By analyzing existing cross correlation between Hengan Intl Group and Endeavour Group Limited, you can compare the effects of market volatilities on Hengan Intl and Endeavour Group and check how they will diversify away market risk if combined in the same portfolio for a given time horizon. You can also utilize pair trading strategies of matching a long position in Hengan Intl with a short position of Endeavour Group. Check out your portfolio center. Please also check ongoing floating volatility patterns of Hengan Intl and Endeavour Group.

Diversification Opportunities for Hengan Intl and Endeavour Group

-0.74
  Correlation Coefficient

Pay attention - limited upside

The 3 months correlation between Hengan and Endeavour is -0.74. Overlapping area represents the amount of risk that can be diversified away by holding Hengan Intl Group and Endeavour Group Limited in the same portfolio, assuming nothing else is changed. The correlation between historical prices or returns on Endeavour Group and Hengan Intl is a relative statistical measure of the degree to which these equity instruments tend to move together. The correlation coefficient measures the extent to which returns on Hengan Intl Group are associated (or correlated) with Endeavour Group. Values of the correlation coefficient range from -1 to +1, where. The correlation of zero (0) is possible when the price movement of Endeavour Group has no effect on the direction of Hengan Intl i.e., Hengan Intl and Endeavour Group go up and down completely randomly.

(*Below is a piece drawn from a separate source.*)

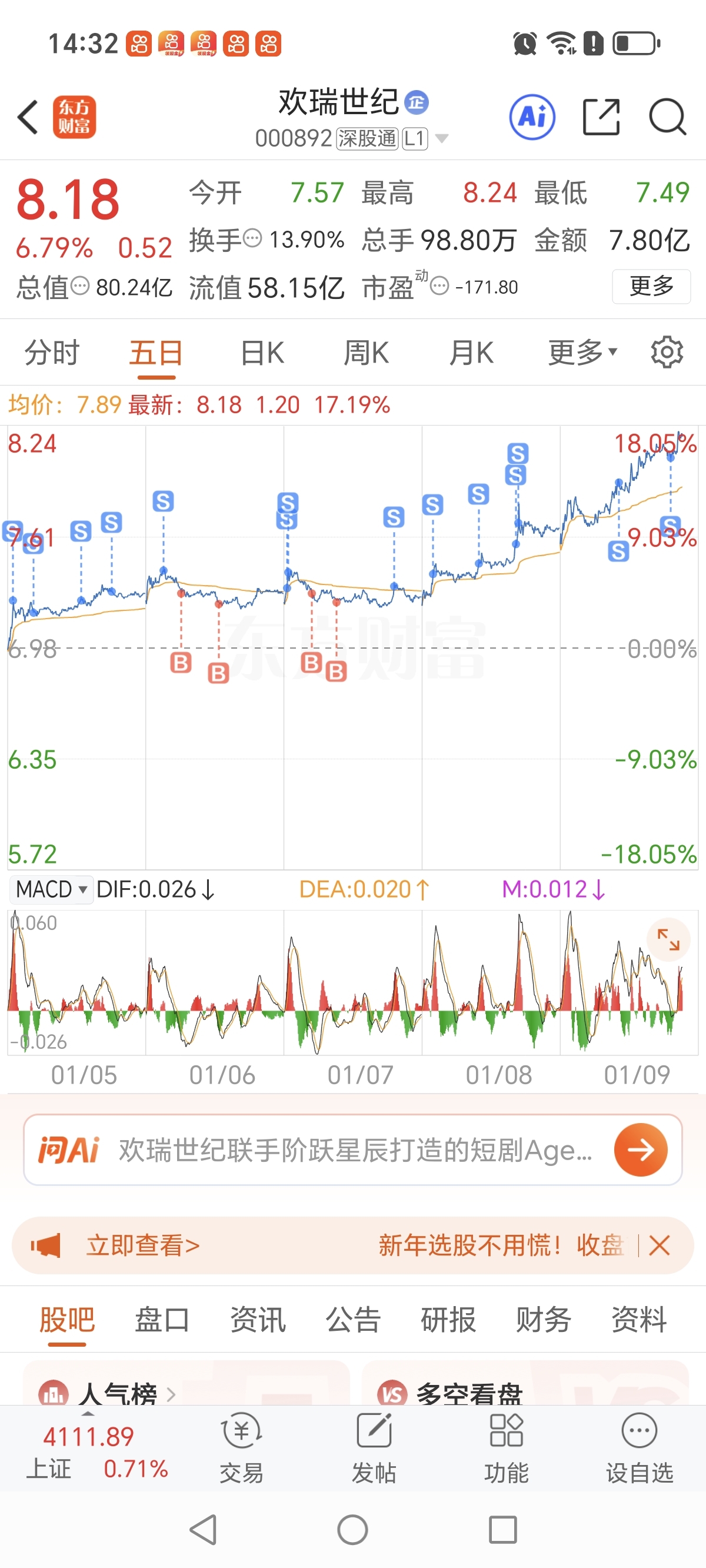 $欢瑞世纪(SZ000892)$ 谢谢大哥,留100股纪念

Pair Corralation between Hengan Intl and Endeavour Group

Assuming the 90 days horizon Hengan Intl Group is expected to generate 1.35 times more return on investment than Endeavour Group. However, Hengan Intl is 1.35 times more volatile than Endeavour Group Limited. It trades about 0.07 of its potential returns per unit of risk. Endeavour Group Limited is currently generating about -0.07 per unit of risk. If you would invest  339.00  in Hengan Intl Group on August 25, 2025 and sell it today you would earn a total of  51.00  from holding Hengan Intl Group or generate 15.04% return on investment over 90 days.
Time Period3 Months [change]
DirectionMoves Against 
StrengthWeak
Accuracy98.48%
ValuesDaily Returns

Hengan Intl Group  vs.  Endeavour Group Limited

 Performance 
       Timeline  
Hengan Intl Group 

Risk-Adjusted Performance

Mild

 
Weak
 
Strong
Compared to the overall equity markets, risk-adjusted returns on investments in Hengan Intl Group are ranked lower than 5 (%) of all global equities and portfolios over the last 90 days. Despite nearly fragile forward indicators, Hengan Intl reported solid returns over the last few months and may actually be approaching a breakup point.
Endeavour Group 

Risk-Adjusted Performance

Weakest

 
Weak
 
Strong
Over the last 90 days Endeavour Group Limited has generated negative risk-adjusted returns adding no value to investors with long positions. Despite fragile performance in the last few months, the Stock's technical and fundamental indicators remain nearly stable which may send shares a bit higher in December 2025. The current disturbance may also be a sign of long-run up-swing for the company stockholders.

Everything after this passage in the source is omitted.